Having OpenAI download images from a URL themselves is inherently problematic. They can be seen as an IP to block, and also, they respect and are overly concerned with robots.txt. Also the image URL can get served a html landing page or wrapper, and can depend on a login. And the image just might not be tolerated, like a webp in a png.
Here’s a script to submit your image file, and see if the AI reports problems. I enhanced for problem-solving. If solved, do your own image-grabbing or file serving.

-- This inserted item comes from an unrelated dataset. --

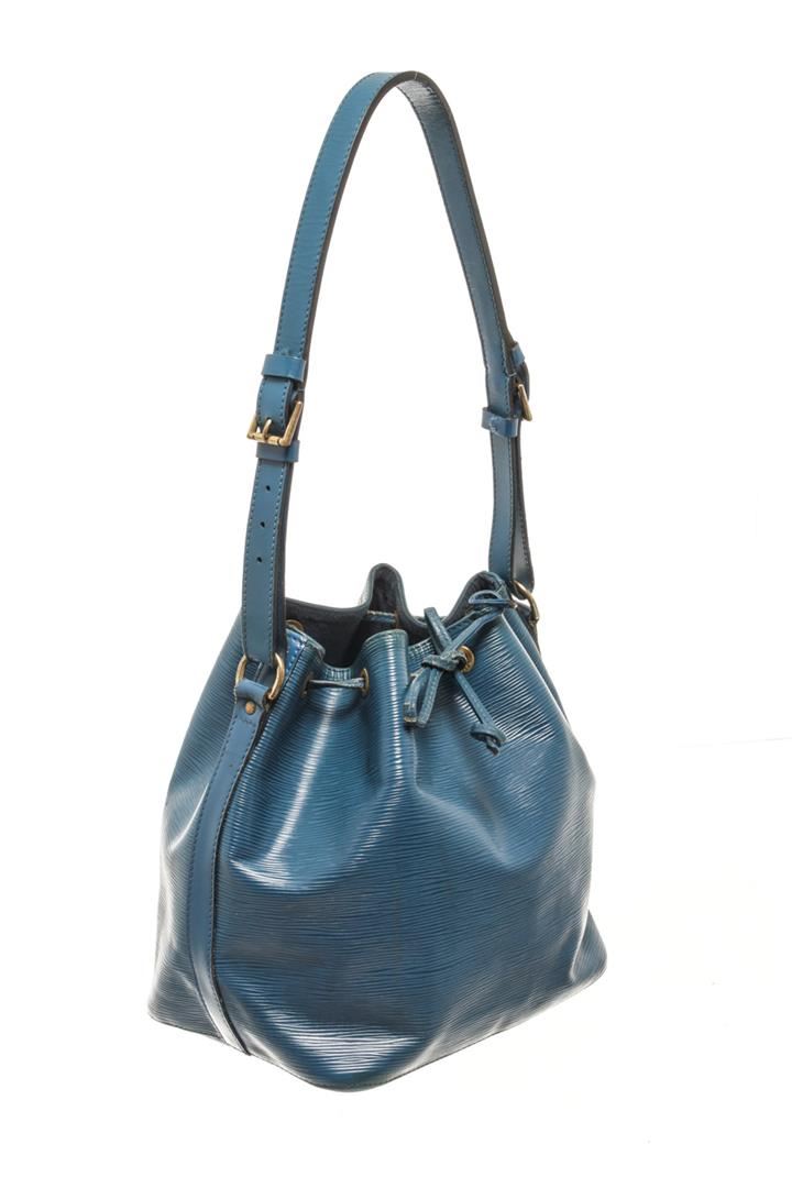 One Louis Vuitton Blue Epi Leather Noe GM Shoulder Bag. Item is sold AS-IS. All available information is listed in the description and shown in the photo. louis vuitton blue epi leather noe gm shoulder bag with the noe features an epi leather body, adjustable flat strap, open top with a drawstring closure, and alcantara lining. 13.4" L x 10.2" W x 7.1" D / 34.03 x 25.90 x 18.03 CM

'''OpenAI gpt-4-vision example script from image file
uses pillow to resize and make png: pip install pillow'''
import base64
from openai import OpenAI
from io import BytesIO
from PIL import Image
def encode_image(image_path, max_image=512):
with Image.open(image_path) as img:
width, height = img.size
max_dim = max(width, height)
if max_dim > max_image:
scale_factor = max_image / max_dim
new_width = int(width * scale_factor)
new_height = int(height * scale_factor)
img = img.resize((new_width, new_height))
buffered = BytesIO()
img.save(buffered, format="PNG")
img_str = base64.b64encode(buffered.getvalue()).decode("utf-8")
return img_str
client = OpenAI()
image_file = "myImage.jpg"
max_size = 512 # set to maximum dimension to allow (512=1 tile, 2048=max)
encoded_string = encode_image(image_file, max_size)
system_prompt = ("You are an expert at analyzing images with computer vision. In case of error, "
"make a full report of the cause of: any issues in receiving, understanding, or describing images")
user = ("Describe the contents and layout of my image.")
apiresponse = client.chat.completions.with_raw_response.create(
model="gpt-4-vision-preview",
messages=[
{"role": "system", "content": system_prompt},
{
"role": "user",
"content": [
{"type": "text", "text": user},
{
"type": "image_url",
"image_url": {"url":
f"data:image/jpeg;base64,{encoded_string}"},
},
],
},
],
max_tokens=500,
)
debug_sent = apiresponse.http_request.content
chat_completion = apiresponse.parse()
print(chat_completion.choices[0].message.content)
print(chat_completion.usage.model_dump())
print(
"remaining-requests: "
f"{apiresponse.headers.get('x-ratelimit-remaining-requests')}"
)
Also a resizer to cut down on your costs. It’s set to 512 for one tile, and 1024, the next logical step.